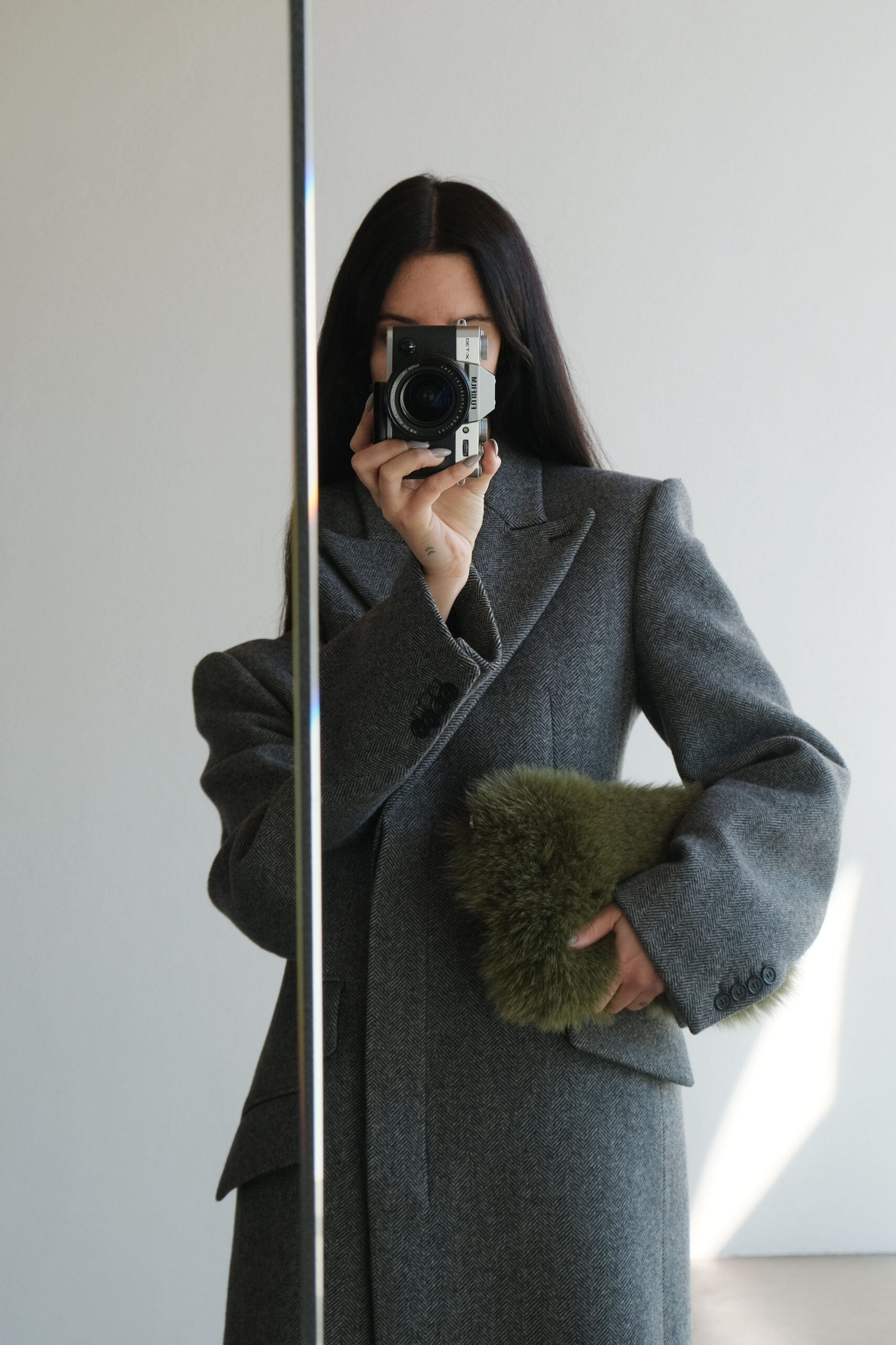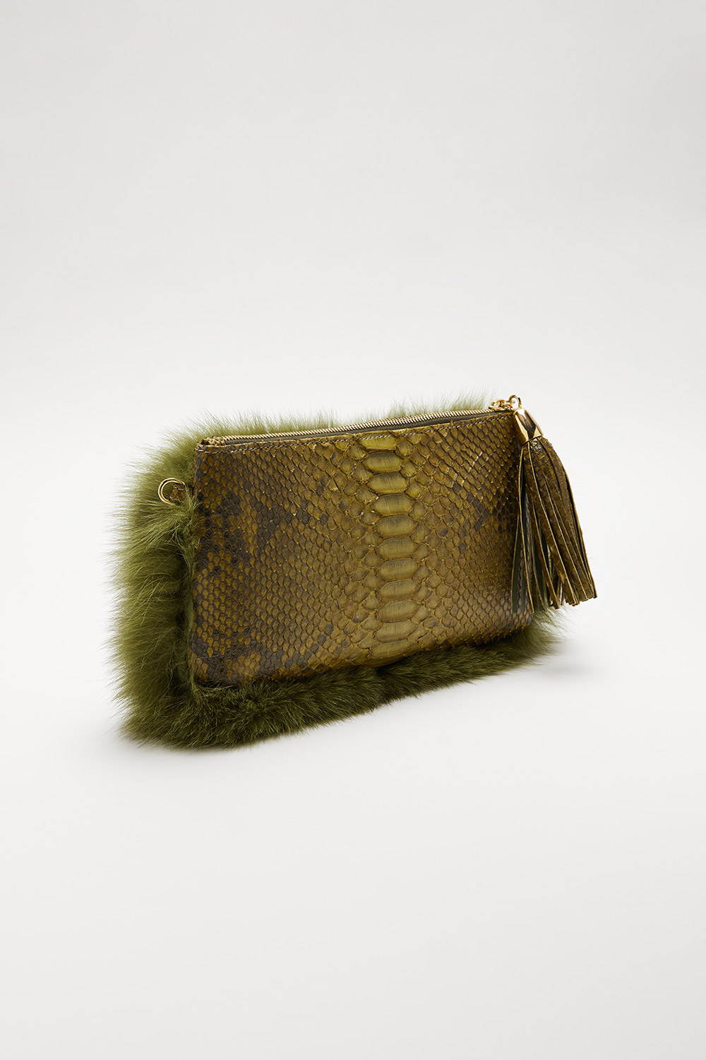 Clutch kích thước trung bình bằng da trăn và lông cáo
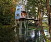 Som et utkikksplatå springer huset ut av en klippe som er dekket av mose og kledd med gran- og lønnetrær.
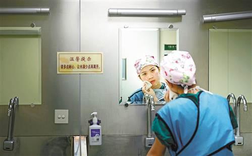 5月11日17:05 在医院手术室洗手处,第二台手术结束,身穿近30斤重防护服的周丽璇用冷水洗脸以振奋精神。
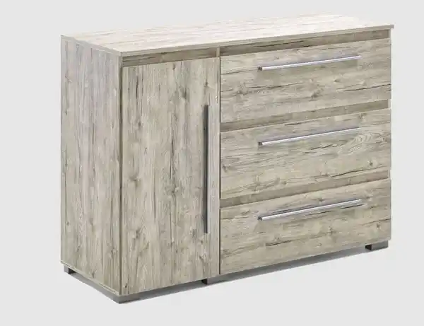 Chic sowie platzsparend wirken und doch viel Stauraum bieten. Das sind die Hauptmerkmale einer Kommode. 3 Schubkästen und eine Tür sorgen bei unserer Kommode Bali für ausreichend Platz. Die Trendfarbe eiche/sand sowie die langen Griffe aus grauem Kunststoff sorgen für einen tollen modernen Look.
******
Task requirements: Look above for the line with "Som et utkikksplatå" and the line with "5月11日17:05 在医院", then copy them and all lines in between exactly as written, and only those, without any pictures.

Solution:
 Som et utkikksplatå springer huset ut av en klippe som er dekket av mose og kledd med gran- og lønnetrær.
 5月11日17:05 在医院手术室洗手处,第二台手术结束,身穿近30斤重防护服的周丽璇用冷水洗脸以振奋精神。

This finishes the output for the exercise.